Brazil's Supreme Court Deals Exporters a One-Two Tax Punch
Originally published in the August 18, 2010 edition of World Tax Daily (Copyrights Tax Analysts)
Brazilian exporters on August 12 suffered one of the most important tax defeats in recent years when the Supreme Court ruled constitutional the application of the 9 percent social contribution on net income (CSL) to export income. Based on similar arguments, the Court also ruled constitutional the application of the expired 0.38 percent bank transactions tax (CPMF) on export income.
The application of CSL to export income was one of the most important and controversial tax issues before the Court. The judgment had been suspended for months after a 5-5 vote until Justice Joaquim Barbosa, returning from a medical leave, sided with the government August 12 in a 6-5 vote for the application of CSL on export income.
The judgment reviewed two extraordinary appeals (RE 474,132, filed by Inlogs Logistica Ltda., and RE 564,413, filed by Incasa S/A.) in which the taxpayers had been denied the right to exclude export income from the CSL tax basis. At the same session, the Court reviewed extraordinary appeal RE 566,259, in which the taxpayer, Guerra Implementos Rodoviários, was trying to prevent the application of the expired CPMF on its export income. Because the CSL and CPMF issues were related (as the government used the same arguments to defend their application), the Court decided to review them together and put an end to nearly a decade of disputes.
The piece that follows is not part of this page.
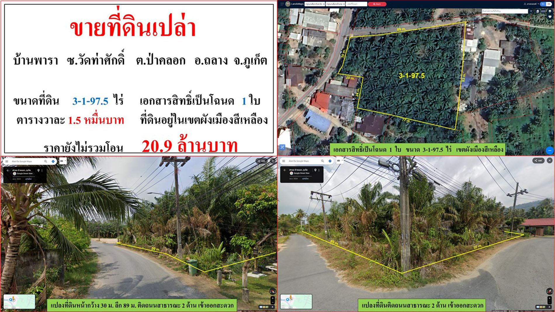 ขายที่ดินเปล่า ขนาด 3-1-97.5 ไร่ บ้านพารา ซ.วัดท่าศักดิ์ ต.ป่าคลอก อ.ถลาง ภูเก็ต

Debate over the CSL and CPMF on export income started with the enactment of Constitutional Amendment 33 of December 11, 2001. That amendment exempted export revenue from many types of social contributions, and many tax practitioners contended that the CSL and CPMF were among them. However, despite some initial favorable decisions and injunctions, the exclusion of export income from the CSL and CPMF tax bases had not been successful at the appellate level.
The majority of the Court’s justices took the position that the concept of net income (the CSL tax basis) is different from the concept of revenue, and that the tax exemption contemplated in Amendment 33 applied only to the latter.
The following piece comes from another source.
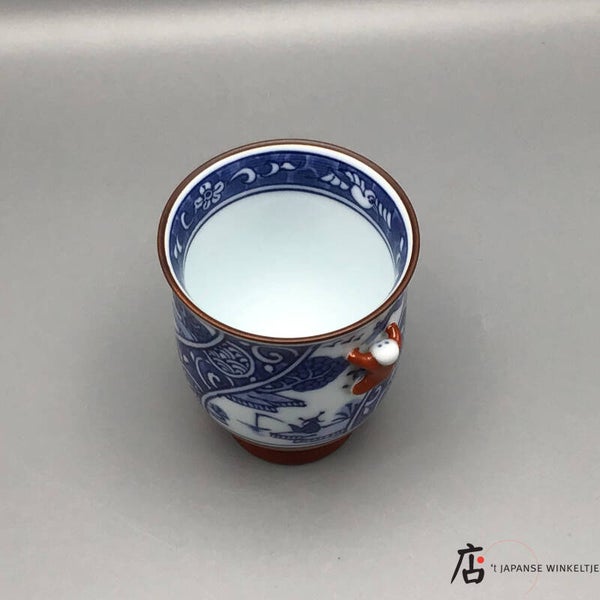 Yunomi / Theebeker met landschap motief en rood poppetje Ø 7 cm 8,5 cm hoog (K-Sai-23004)

The decision is extremely important because the Court has declared the cases to be subject to “general repercussion.” Under Brazilian constitutional and civil procedural rules, that means the constitutional issue at stake is so economically, politically, socially, or legally relevant that its effects may surpass the subjective interests of the appellant and reach a broader group of interested parties. Thus, all Brazilian lower courts from now on will have to follow the Supreme Court’s position on the matter.
Unquestionably, the decision is one of the greatest tax defeats for taxpayers. Experts and business associations estimate that the government would have had to refund more than BRL 40 billion (approximately $22.6 billion) in CSL and CPMF if the Court had sided with taxpayers.
Taxpayers now have to consider how to proceed with ongoing cases now that those cases will be decided on the basis of the Court’s August 12 ruling. Many taxpayers have been authorized by court injunctions not to pay CSL and/or CPMF on export income. The injunctions will certainly be revoked soon and those taxpayers will have to consider how to pay the CSL and CPMF at issue in their cases.
Business associations representing exporters may lobby Congress and the executive branch to establish a special payment schedule for exporters’ CSL liabilities. Considering the importance of the export sector to Brazil’s economy, such an outcome seems possible.